On Thursday, I had a good visit with my doctor, or rather with yet another medical school student and my doctor. Actually, I like meeting with the med students. I'm all in favour of more physicians with knowledge of trans health care, and I feel kind of privileged to be helping them learn. Plus, they've all been really nice.
Turns out this was not the big post-op planning session. It was good, however, to learn that my lab results were all in line, including better cholesterol numbers. Yay for All-Bran with psyllium, low-fat cheese, and more fish! My blood pressure is very good too, as good as when I was power-walking a lot. Now if only I could get back to some kind of aerobic workout!
It was a good visit, but I left kind of depressed. I think I was set up for it by discussion a few days ago about whether we remain transsexual forever and whether we are ever fully women. At the community health centre I go to, it would be rare for me not to see at least one other trans woman. And all it took was seeing one easily-clocked trans woman to send me into a funk.

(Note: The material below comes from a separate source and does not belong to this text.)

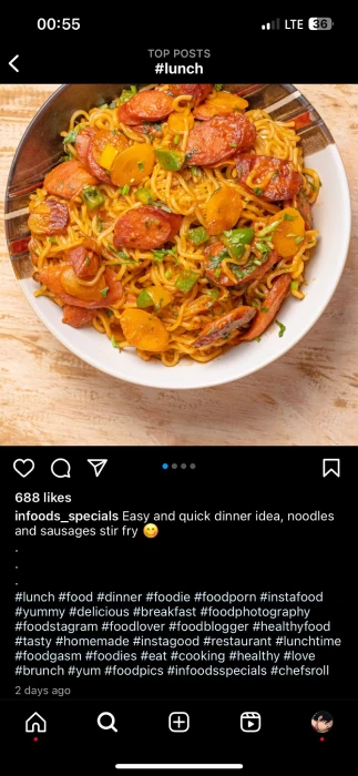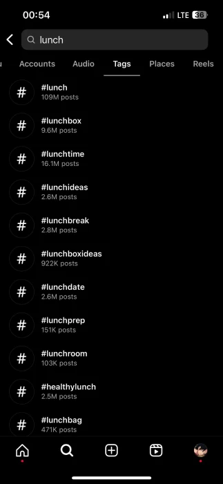 Second Most Liked Lunch Hashtags for Tiktok and IG

Oh, how we strain against the strictures of our male bodies! So many times, they just don't cooperate with our efforts to turn them female when we're already grown. The face, the shoulders, the chest, the hands, the hips—there are so many ways our bodies can betray us.

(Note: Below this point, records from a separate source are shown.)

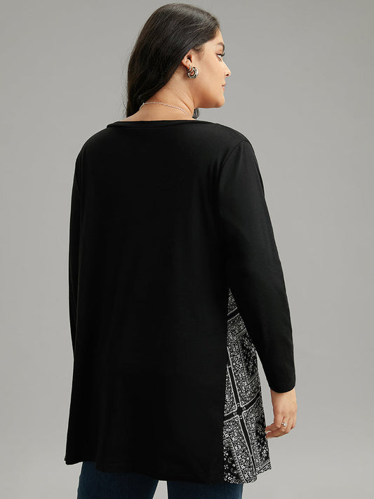 Velvet Floral Patchwork Raglan Sleeve T-shirt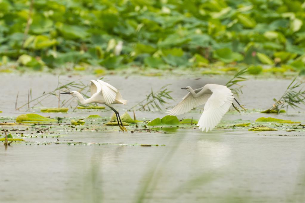 野生鳥(niǎo)類(lèi)在白洋淀飛舞嬉戲。(李鑫 攝)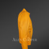 Description: For a simple yet stunning look, you can easily go with this yellow leather jacket. Its texture is soft and smooth; comfortable enough to carry for a long day. It can keep the wearer warm even in the minus temperature. It has long sleeves, easy front zipper closure, zipped pockets on chest and sides as main attributes of this real leather outerwear. its stand collar is also making it more appealing in nature.

We have a pretty fucked up condition when you think about it. An undervirilized brain in a body that develops fine along male lines is just a horrible way for nature to go wrong. And yet our personalities are in that brain that developed differently—a perfectly healthy brain, just mismatched with the rest of the body. To shake out of us the feeling that our bodies are not right, that we should be women, you would have to shake away our very selves. You would not be left with a man but rather with a shell.
So we do everything we can, or everything we can afford, to right this terrible wrong. We live as our brain tells us we must. We correct the hormone balance that our brain says was wrong. We have skilled surgeons take away the dangly mistake and give us the vagina we ought to have had and sometimes the face we need to see in the mirror and the breasts that hormones would not grant us.

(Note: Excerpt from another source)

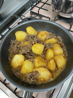 肉の色がだいたい変わったら2の【煮汁】を注ぎ、そのまま中火で汁けをとばしながら煮る。4~5分間たったらじゃがいもの上下を返し、合計で8~10分間ほど煮る。

And yet none of that will change the fact that we were born male-bodied. Nor will it give us ovaries and a uterus and thereby the possibility of bearing children. None of it will change the bones inside us—shoulders, ribs, hands, feet, hips. None of it will help us learn to be full-fledged women and not just girls in finery.
Yes, there are times and circumstances in which this compromise feels...grotesque. We try so hard, and this is the best we can do.
Interestingly, I never have those black thoughts for very long. Are they the reality I am denying? Or are they simply demons trying to take away my joy? Because however much those things are objectively true, or can be seen as true, they don't describe the lion's share of my experience. Am I living a delusion, or do I actually see more clearly?
Because however imperfect this woman is, whatever her flaws, she is still a woman. Life echoes that back to her again and again, day in and day out. All those medical miracles are simply to allow us to feel in our bodies the way we feel in our hearts, and to allow others to see, even if only a glimpse, our true selves.
Every day, I feel honoured to be a woman. Not that there is anything dishonorable in being a man, if that's what you ought to be. But this woman is far happier than that man could ever have been. Every day, I thank the Goddess for the privilege I have, and acknowledge my own efforts. Every day, I feel gratitude to everyone who looks at me and sees a woman, especially those who knew me otherwise. Those people owe me nothing, regardless of what my brain tells me. Yet they freely give me love and acceptance, and blessings upon them for it.
Today was my last official day at the agency where I did my counselling practicum. I had a good session with the one client I had remaining. I helped a new practicum student. Very often, the office has been quiet on Fridays, but today it was bustling. One of the former clients who spends a lot of time there was cooking spicy meat patties over rice. Another told me, not for the first time, that he wants to see me around the office. The very first client I had came for a visit, just happened to do so, unaware that it was my last day. We had a lovely reunion. I told one of the staff who had never known about my status that I was trans. Her response: so what? It didn't matter to her, but she was glad that I had trusted her. Before I left, I was handed a card full of well wishes.
Honoured. Happy. Grateful. Proud. Humble. Appreciated. Loved. What more could anyone ask for?